下午回家,麥子買了四塊錢的青菜,四塊錢的雞蛋,將就著家裡還剩的紫菜,炒了盤菜,弄了鍋紫菜蛋花湯,湊合著吃了頓晚飯。興許是真的餓了,麥子連湯都喝了個一乾二淨。望著眼前的空盤空碗,麥子一臉愁容。躊躇了半晌,還是把電話打給了近期簽約的美術工作室。接電話的是沈睿,一個與她相交多年的大學同學。而她之所以會跟這家工作室簽約,一是應沈睿所求,其二則是她在生存與自由之間選擇了前者。所以說啊,在填飽肚子之前,說什麼都是扯蛋。
「沈睿,我活不下去了,如果你連哄帶騙威逼利誘的讓我跟你們工作室簽約是為了看我餓死,那你得逞了!」麥子儘量讓自己的聲音聽起來虛弱一些,但剛吃飽的她表現出了不盡人意的中氣十足。
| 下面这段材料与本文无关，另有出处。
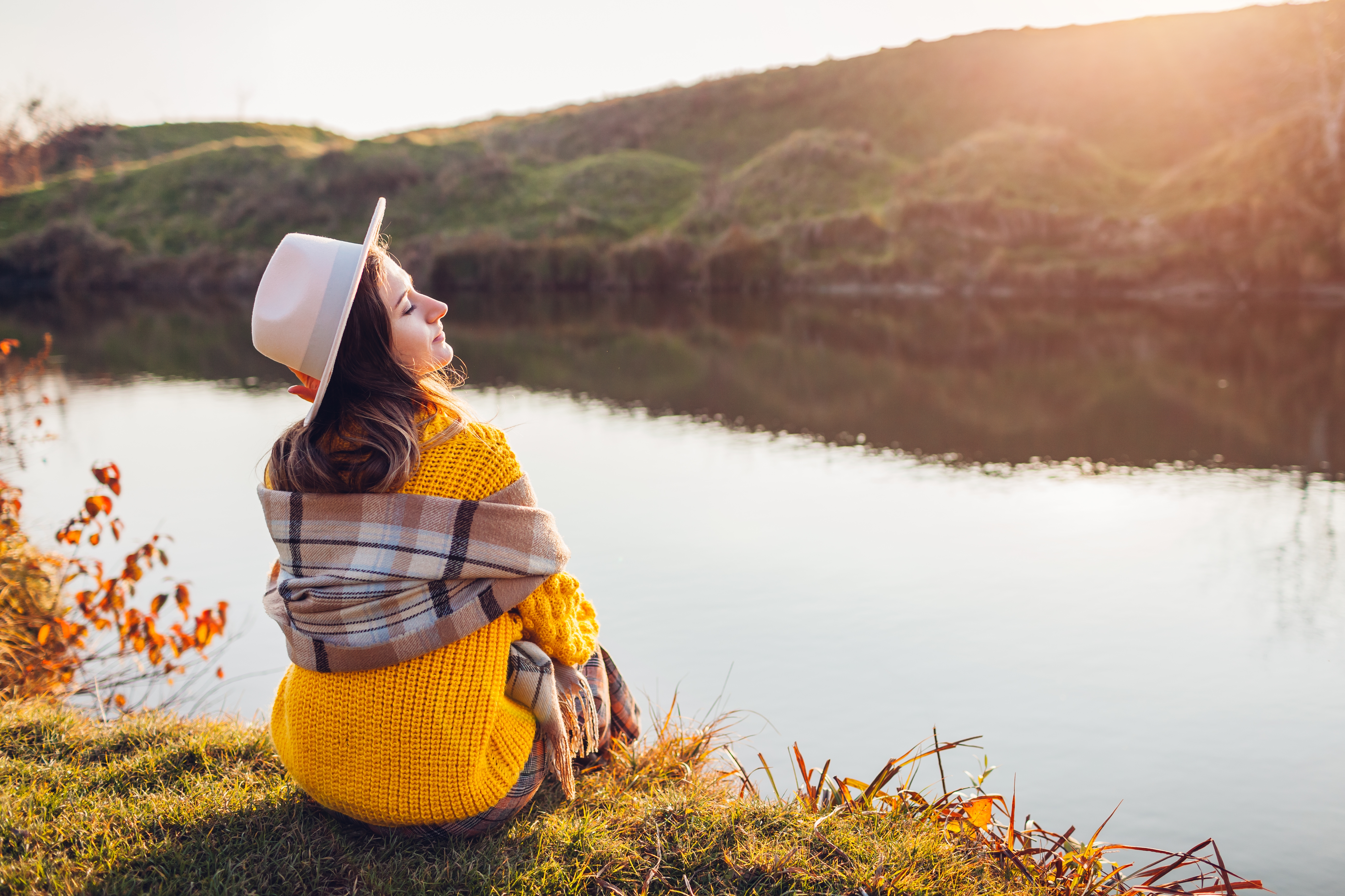 mujer relajandose en el lago otonal al atardecer chica elegante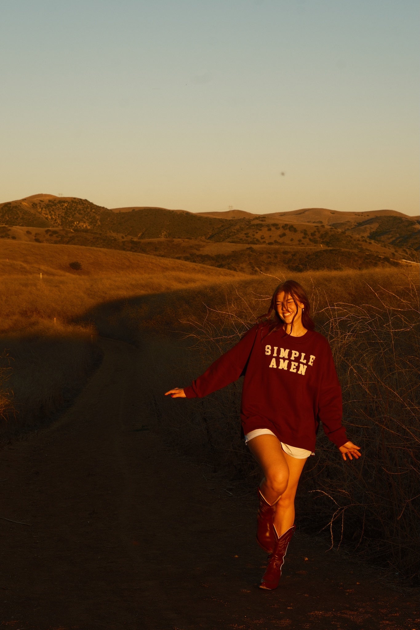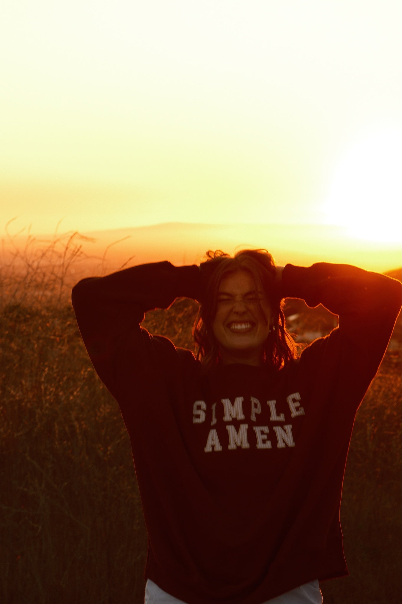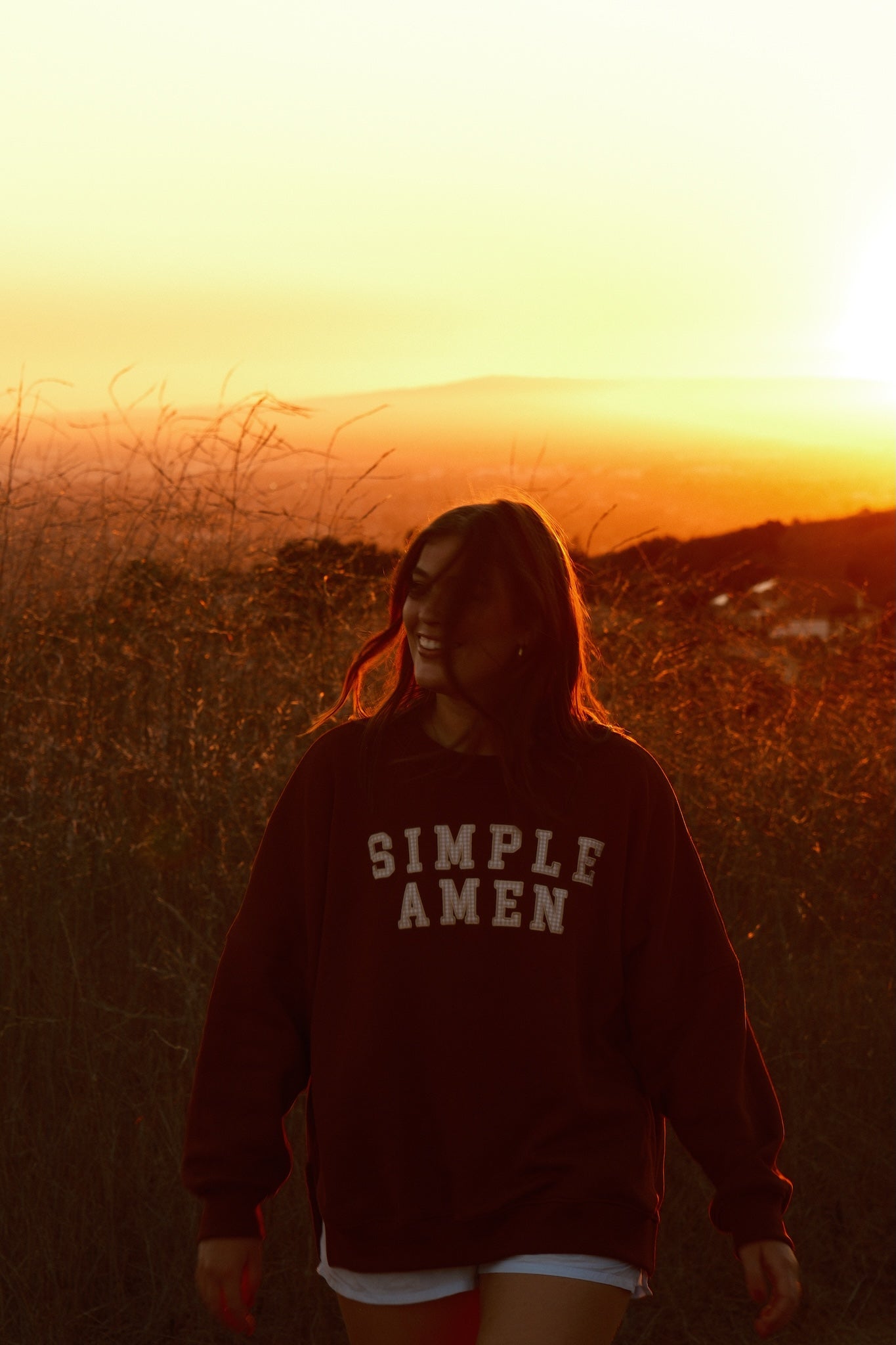 Home, in crewneck form. This intentionally very oversized crewneck wraps you in soft, brushed-fleece comfort with a drapey, slouchy silhouette. Across the front of this brown crewneck, tan gingham “Simple Amen” letters are machine-stitched for a secure, durable finish. Cozy without being heavy, it’s the layer you’ll reach for on slow mornings, late-night drives, and everything in between. One of a kind.

「呵呵!」沈睿聽了一個勁兒的笑,順手翻了一下桌子上的日曆。
「你的畫稿上個星期才交過來,這個時候就來催稿費了?」
「就知道簽約不靠譜,我以前可都是畫稿發出去五分鐘錢就到賬了。」麥子按下擴音鍵,順手將手機扔到沙發上,接著將碗筷順進廚房。沈睿的聲音兀自回蕩在客廳,麥子卻一句也沒聽清。等她再回到客廳時,電話那頭卻已經沒了聲音。
「嗯?掛了?」麥子疑惑的將手機螢幕點亮,發現還在通話中。「你剛說什麼?我沒聽見。」
「錢已經匯給你了,自己查收。」
「這麼快?」麥子半信半疑,說話時卻手腳麻利的打開電腦並登陸自己的網上銀行。果然,在一分鐘前有一筆收入,數額是她想像中的兩倍。
「錢多了!」麥子稍稍皺眉。
「你的作品很有靈氣,值這個價!」沈睿在這邊笑得有些得意,麥子撐著下巴想了想,很快有了主意。
「明天我請你吃飯,地點我定,等候通知。」
「明天嗎?我看看……」沈睿有些猶豫,說著就去翻工作安排表,他記得明天有一個很重要的客戶要接待。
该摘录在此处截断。